640x480 is usually slow. If you try displaying the results, it will be using up precious processing power… Once yu have designed the code may be u can change the GUI display to just notifications in “Terminal” showing no of detections and so on…

By the way how did u compile the code??
Used g++? What was the command you used to compile this code??

Thanks

Hmm… isn’t this a homework question / assignment ??

Cortex-A8 in BB, gives one 1200DMIPS, and in xM gives one 2000DMIPS. That’s a tremendous amount of computational power.
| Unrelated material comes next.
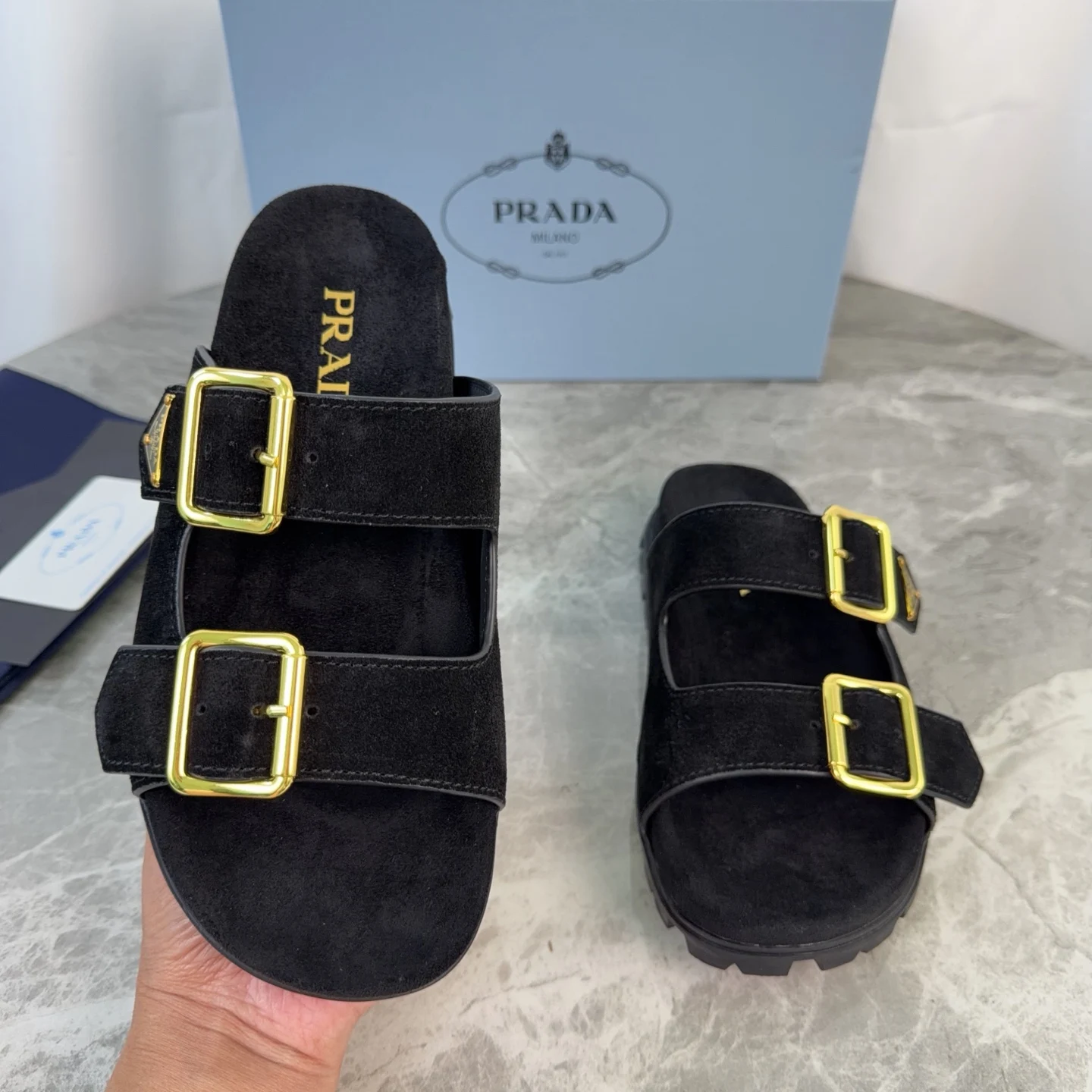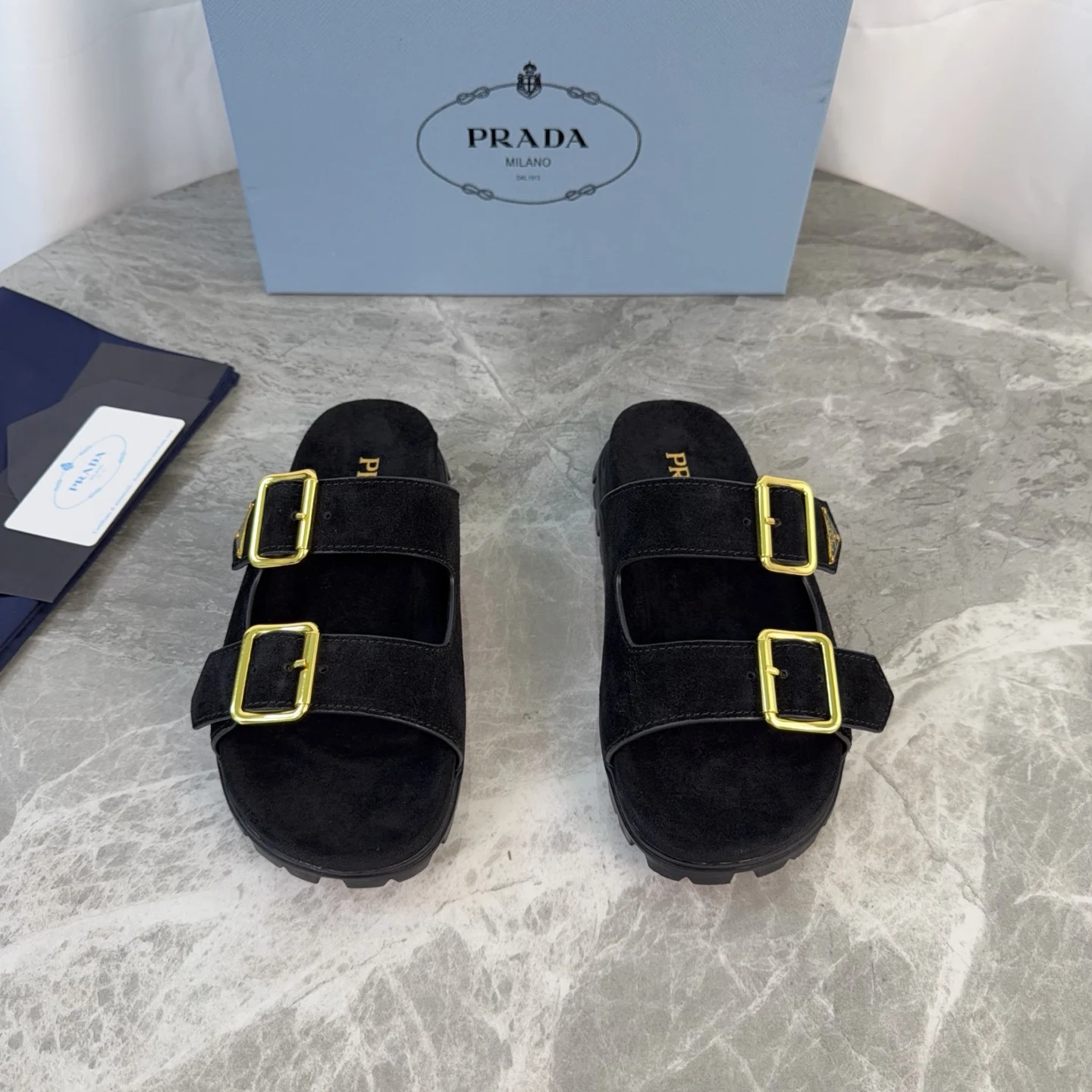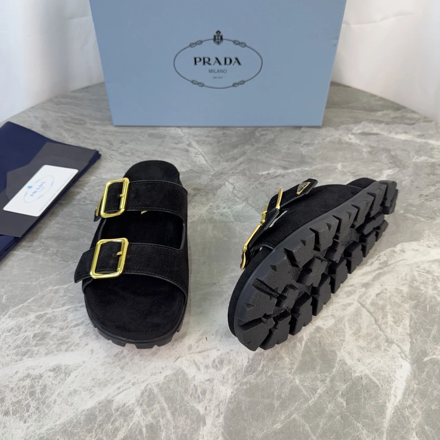 Prada Kosei Glossy Cow Suede Slippers Women s Slippers
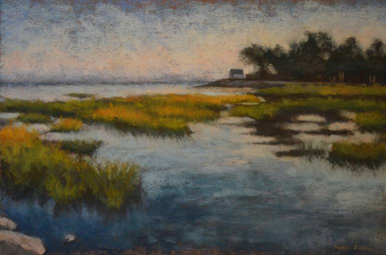 Anastasia Zinkerman is a pastel artist and nature photographer whose landscapes and still lifes capture the quiet, inspirational beauty of her favorite places: coastal Connecticut, where she lives, as well as the woods and mountains of Vermont and New Hampshire, where she also spends a great deal of time. She achieves a tranquil mood by using textured paper and a soft technique, and she favors a muted palette that sets off one or two bright colors—the red skin of an apple, or green stalks of sea grass. “I love the colors of nature: a moody gray sky above a tidal marsh in Connecticut, with green and gold sea grass bending in the breeze; or tall, dark pines surrounding a calm lake in New Hampshire. I am fascinated by how these landscapes constantly change, depending on the weather and time of day. I find myself at peace and more connected with the world when I’m in a beautiful environment. Showing details does not interest me as much as conveying the feeling of being in a place. I consider my work a success when viewers comment that they feel relaxed and at peace with themselves.” Anastasia Zinkerman was born in Branchburg, NJ. After receiving a Bachelor of Fine Arts degree from Mason Gross School of the Arts at Rutgers University, she moved to New York City, where she lived and worked as an artist for several years. Her work has been exhibited in galleries throughout New York City, as well as in Buffalo, NY, Newark, NJ, and New Brunswick, NJ. Anastasia’s work has also appeared in several publications, including The Complete Mosaic Handbook, Quintet Publishing, Log & Timber magazine, “Artisan File,” and publications by the Connecticut Audubon Society. She currently lives in Fairfield, CT, and studies at Silvermine Arts Center. Her artwork has recently been shown at Silvermine Gallery, Fairfield History Museum, Bruce Kershner Gallery, Pequot Library, and the Mark Twain Library

Folks have managed to Face-detection on ~60DMIPS ARM7TDMIs, at much better rate albeit for smaller framesize, but extrapolate it, and one should still be able to an awful lot in 1200DMIPS. On ARM7TDMI, weren’t using OpenCV :-), however given how well OpenCV is optimized (supposedly), VGA face-detection being “usually slow” indicates some inherent issues, either in the use of the API, or the library itself.

Jayanth Acharya wrote:

Hmm... isn't this a homework question / assignment ??

it's 2011, crowdsourcing is the way to go...

Cortex-A8 in BB, gives one 1200DMIPS, and in xM gives one 2000DMIPS. That's a tremendous amount of computational power.
Folks have managed to Face-detection on ~60DMIPS ARM7TDMIs, at much better rate albeit for smaller framesize, but
extrapolate it, and one should still be able to an awful lot in 1200DMIPS. On ARM7TDMI, weren't using OpenCV :-),
however given how well OpenCV is optimized (supposedly), VGA face-detection being "usually slow" indicates some inherent

how much is OpenCV "supposedly" optimized on ARM?